Return every line of the data below that includes the string "есть".

RECORD SET.

= = =

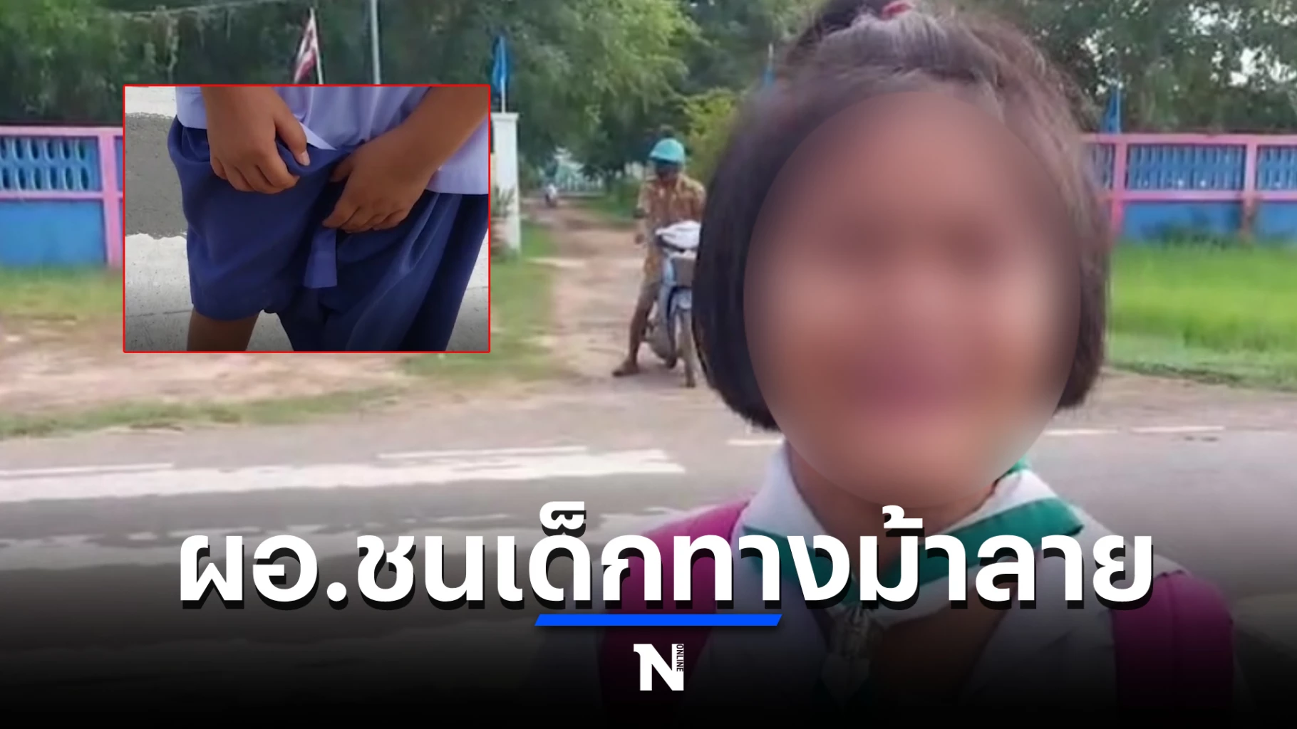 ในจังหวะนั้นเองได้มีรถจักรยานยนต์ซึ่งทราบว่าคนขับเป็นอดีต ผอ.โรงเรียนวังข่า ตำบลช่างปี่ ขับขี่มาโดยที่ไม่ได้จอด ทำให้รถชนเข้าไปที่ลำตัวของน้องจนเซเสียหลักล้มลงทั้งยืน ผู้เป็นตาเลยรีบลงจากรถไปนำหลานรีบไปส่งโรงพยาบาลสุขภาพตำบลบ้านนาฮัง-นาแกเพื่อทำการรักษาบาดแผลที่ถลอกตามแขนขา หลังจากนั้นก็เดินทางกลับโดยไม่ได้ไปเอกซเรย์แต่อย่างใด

= = =

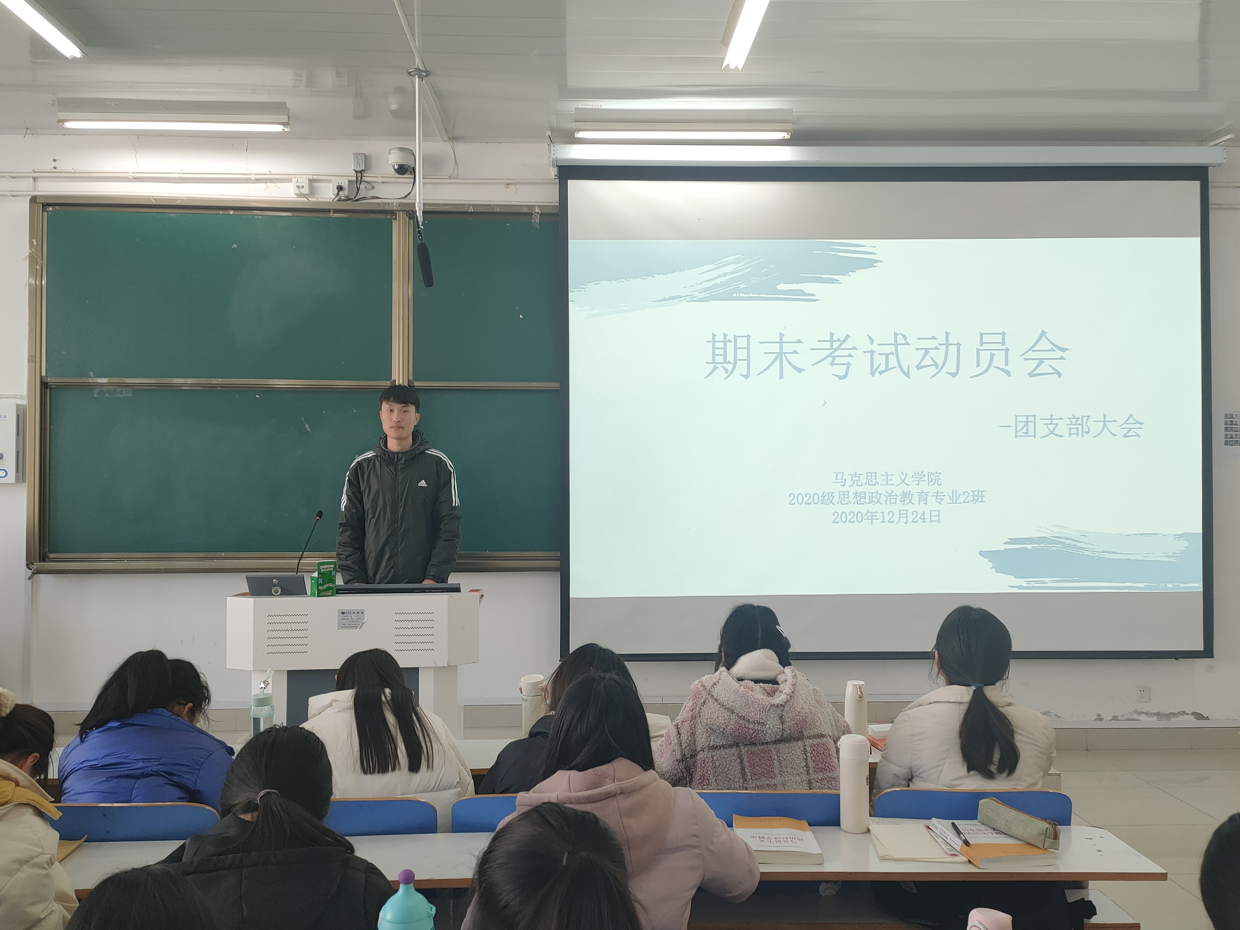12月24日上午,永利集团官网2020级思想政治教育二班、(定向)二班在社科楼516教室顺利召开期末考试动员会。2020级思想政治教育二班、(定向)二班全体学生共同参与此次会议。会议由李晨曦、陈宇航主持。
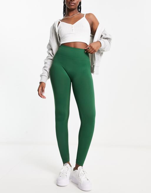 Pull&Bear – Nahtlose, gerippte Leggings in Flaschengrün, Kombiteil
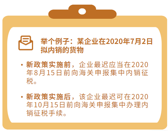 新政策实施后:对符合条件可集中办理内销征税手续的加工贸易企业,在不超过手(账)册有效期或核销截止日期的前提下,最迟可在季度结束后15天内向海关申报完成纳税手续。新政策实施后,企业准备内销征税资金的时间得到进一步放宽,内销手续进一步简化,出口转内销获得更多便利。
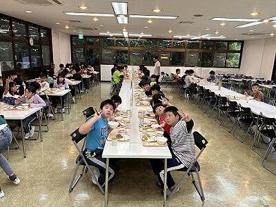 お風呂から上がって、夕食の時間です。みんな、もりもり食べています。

= = =

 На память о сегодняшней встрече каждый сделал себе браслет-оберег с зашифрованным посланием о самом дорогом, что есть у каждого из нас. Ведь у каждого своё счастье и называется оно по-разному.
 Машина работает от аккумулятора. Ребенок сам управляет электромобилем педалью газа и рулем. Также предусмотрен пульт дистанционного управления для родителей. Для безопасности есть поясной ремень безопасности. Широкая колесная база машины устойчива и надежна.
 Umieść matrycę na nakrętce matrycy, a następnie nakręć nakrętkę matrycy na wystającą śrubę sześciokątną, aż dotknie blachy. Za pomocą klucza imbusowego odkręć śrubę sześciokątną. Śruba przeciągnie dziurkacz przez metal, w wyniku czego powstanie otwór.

= = =

TASK SOLUTION.
 На память о сегодняшней встрече каждый сделал себе браслет-оберег с зашифрованным посланием о самом дорогом, что есть у каждого из нас. Ведь у каждого своё счастье и называется оно по-разному.
 Машина работает от аккумулятора. Ребенок сам управляет электромобилем педалью газа и рулем. Также предусмотрен пульт дистанционного управления для родителей. Для безопасности есть поясной ремень безопасности. Широкая колесная база машины устойчива и надежна.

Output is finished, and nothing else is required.